[Start of Attachment]

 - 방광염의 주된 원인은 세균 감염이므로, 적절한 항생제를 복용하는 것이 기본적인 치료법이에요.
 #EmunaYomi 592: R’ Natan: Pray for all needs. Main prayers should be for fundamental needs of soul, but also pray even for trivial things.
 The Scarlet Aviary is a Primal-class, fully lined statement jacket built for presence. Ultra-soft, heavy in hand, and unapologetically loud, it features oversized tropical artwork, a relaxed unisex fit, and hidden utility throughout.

[End of Attachment]
[Start of Attachment]

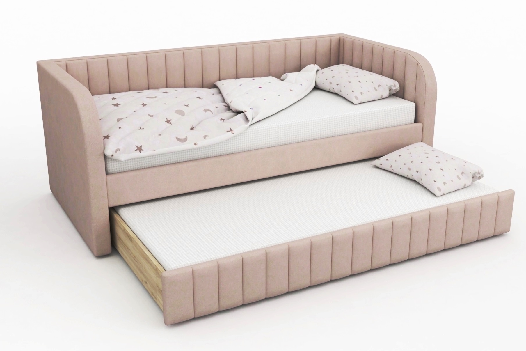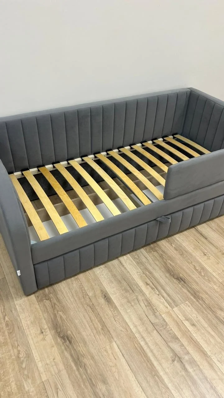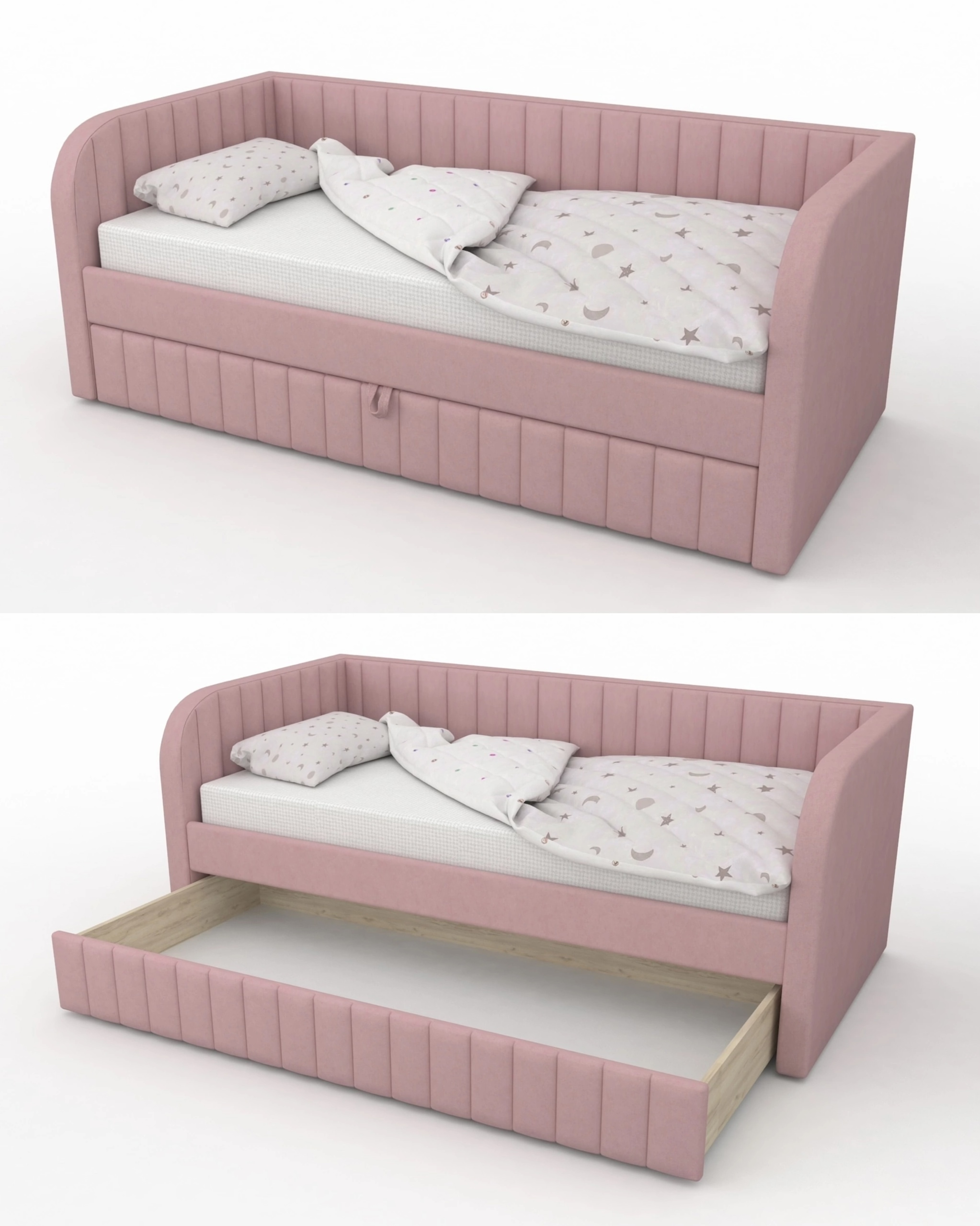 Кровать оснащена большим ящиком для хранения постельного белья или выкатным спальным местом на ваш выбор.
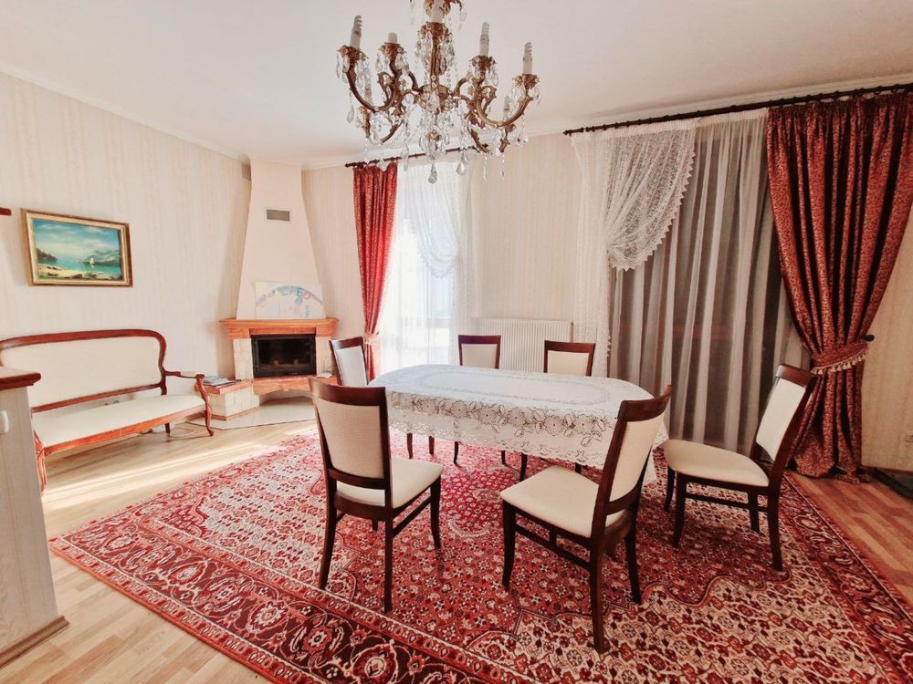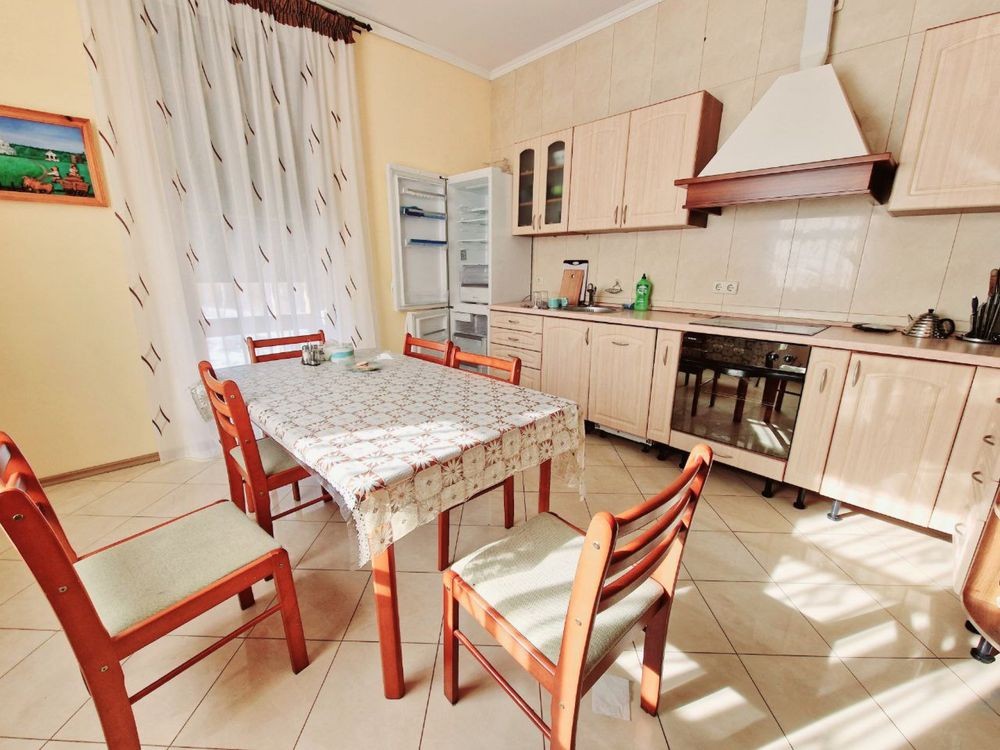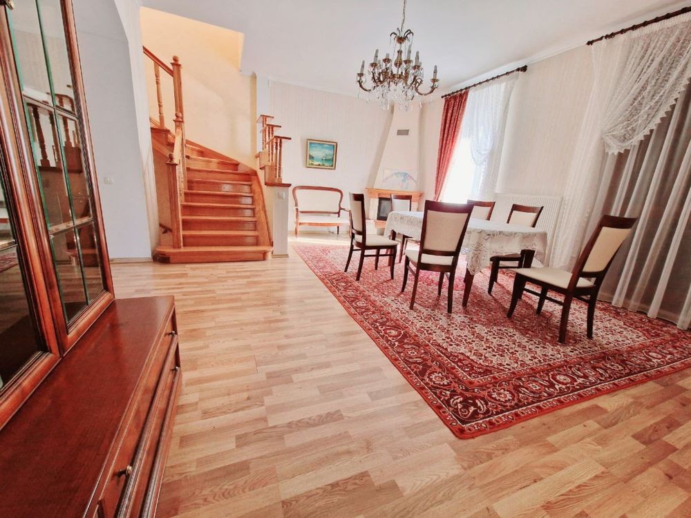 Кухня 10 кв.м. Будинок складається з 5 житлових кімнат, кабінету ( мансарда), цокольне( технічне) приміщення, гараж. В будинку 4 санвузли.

[End of Attachment]
[Start of Attachment]

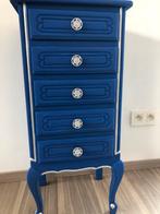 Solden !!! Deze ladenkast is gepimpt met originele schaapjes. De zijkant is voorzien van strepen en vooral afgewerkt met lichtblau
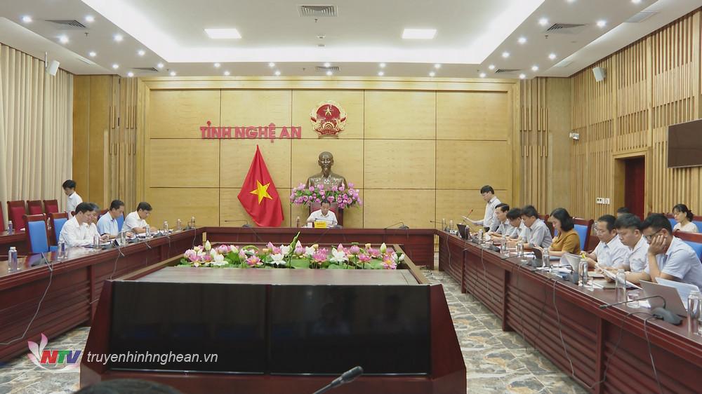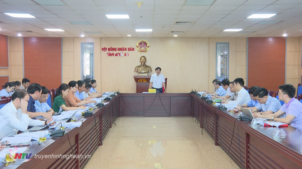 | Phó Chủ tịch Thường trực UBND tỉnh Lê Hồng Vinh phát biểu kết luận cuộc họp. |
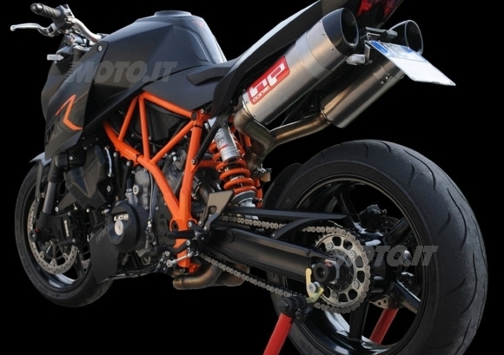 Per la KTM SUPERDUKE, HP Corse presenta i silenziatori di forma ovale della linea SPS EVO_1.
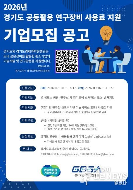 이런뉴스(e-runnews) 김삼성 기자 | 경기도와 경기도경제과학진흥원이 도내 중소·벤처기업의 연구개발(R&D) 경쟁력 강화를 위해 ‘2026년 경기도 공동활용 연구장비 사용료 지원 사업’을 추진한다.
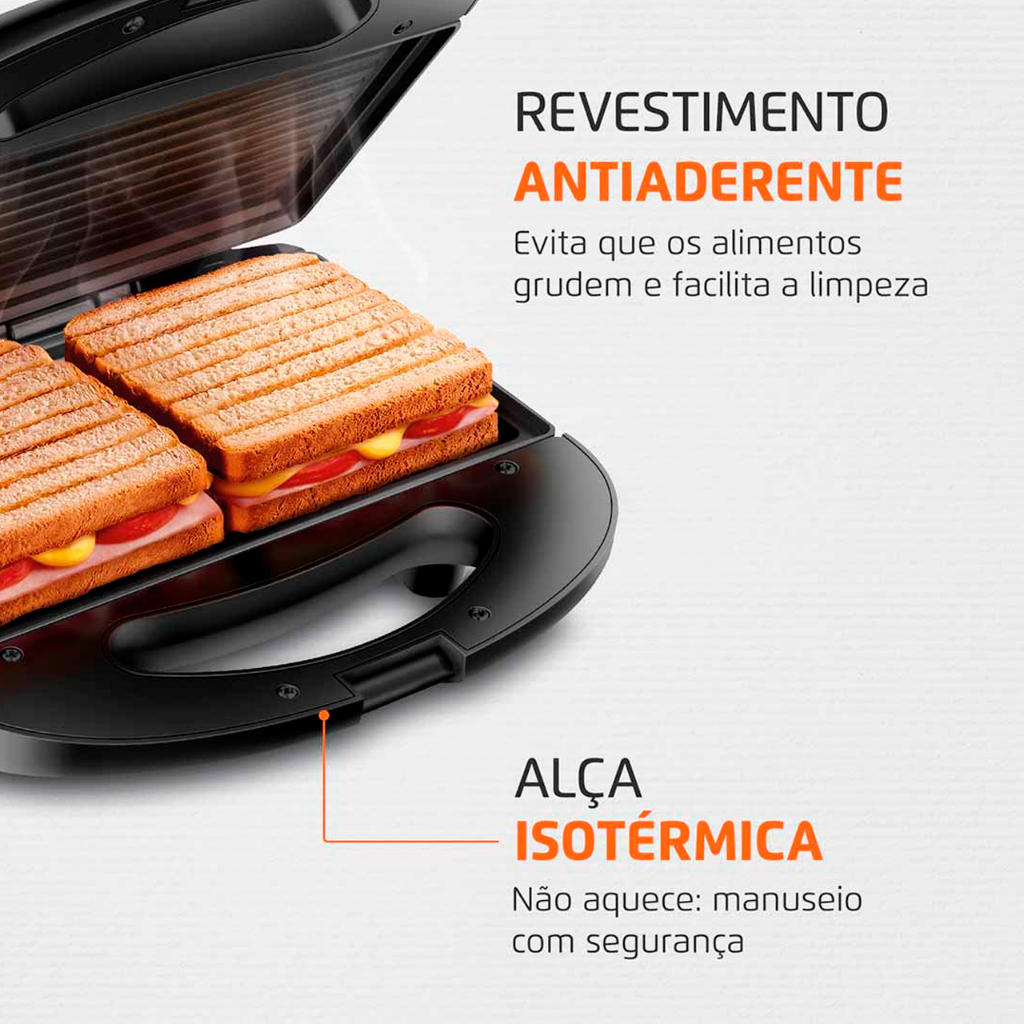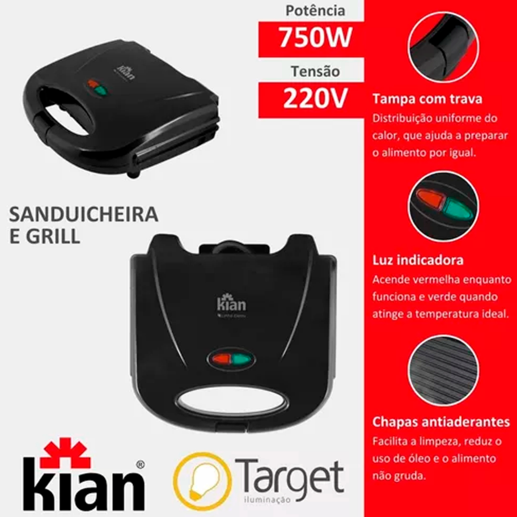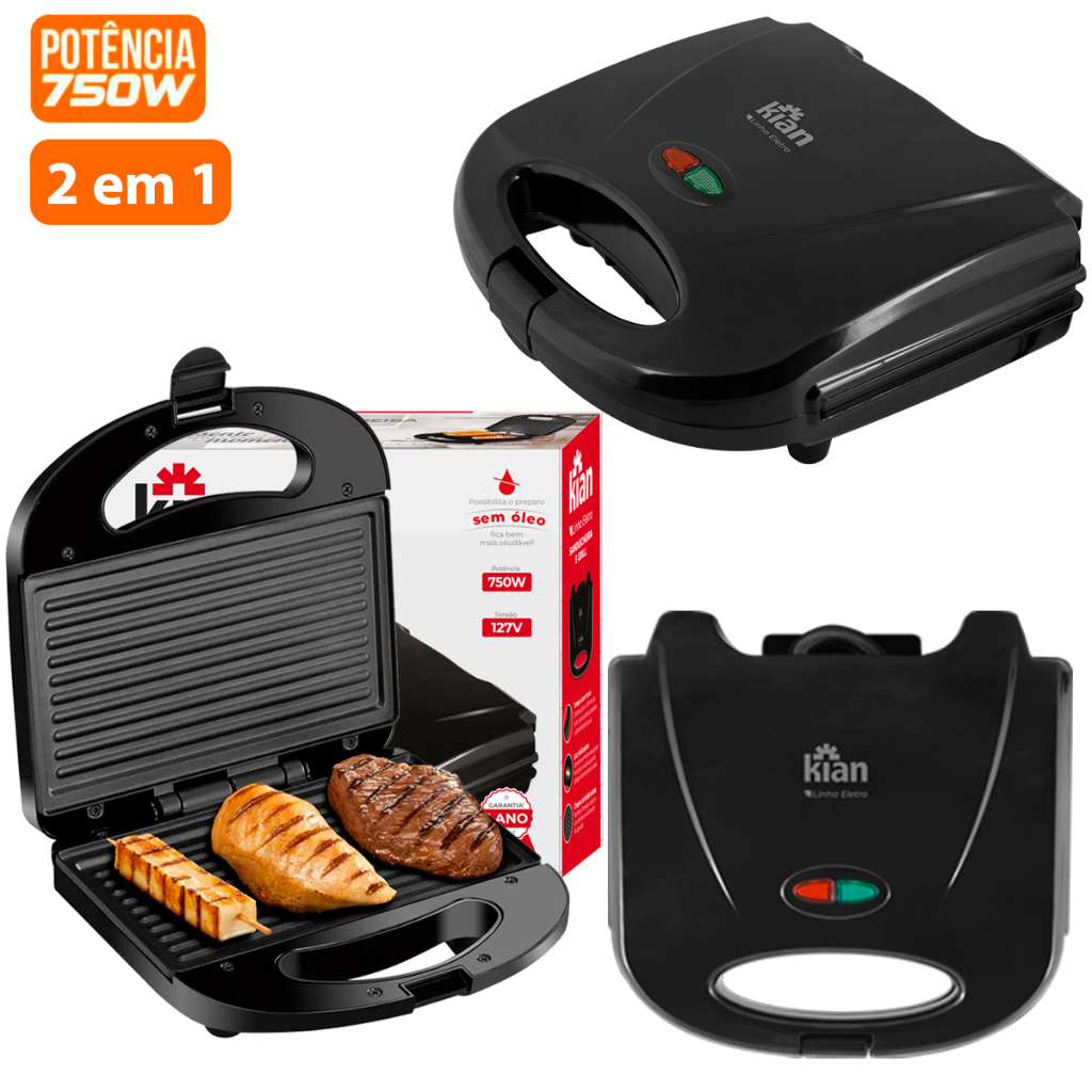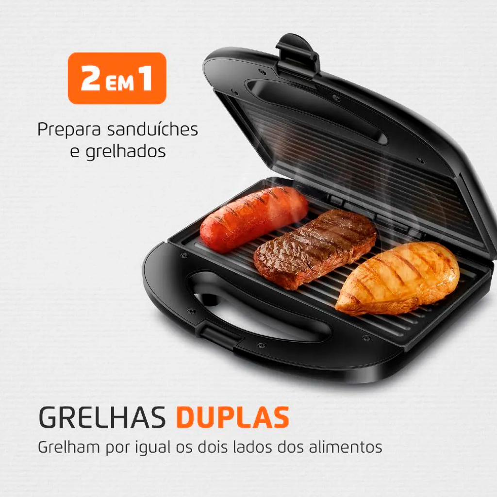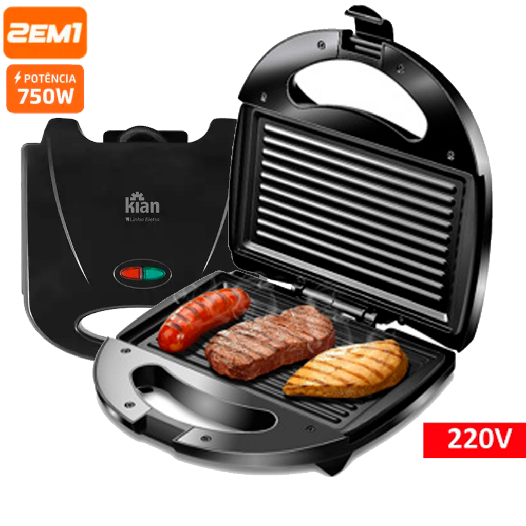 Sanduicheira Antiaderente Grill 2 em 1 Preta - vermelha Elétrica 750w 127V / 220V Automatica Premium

[End of Attachment]

**YOUR ASSIGNMENT:**
Go through the material above and output exactly the lines from the one containing "- 방광염의 주된 원인은" through the one containing "#EmunaYomi 592: R’".

**OUTPUT BELOW:**
 - 방광염의 주된 원인은 세균 감염이므로, 적절한 항생제를 복용하는 것이 기본적인 치료법이에요.
 #EmunaYomi 592: R’ Natan: Pray for all needs. Main prayers should be for fundamental needs of soul, but also pray even for trivial things.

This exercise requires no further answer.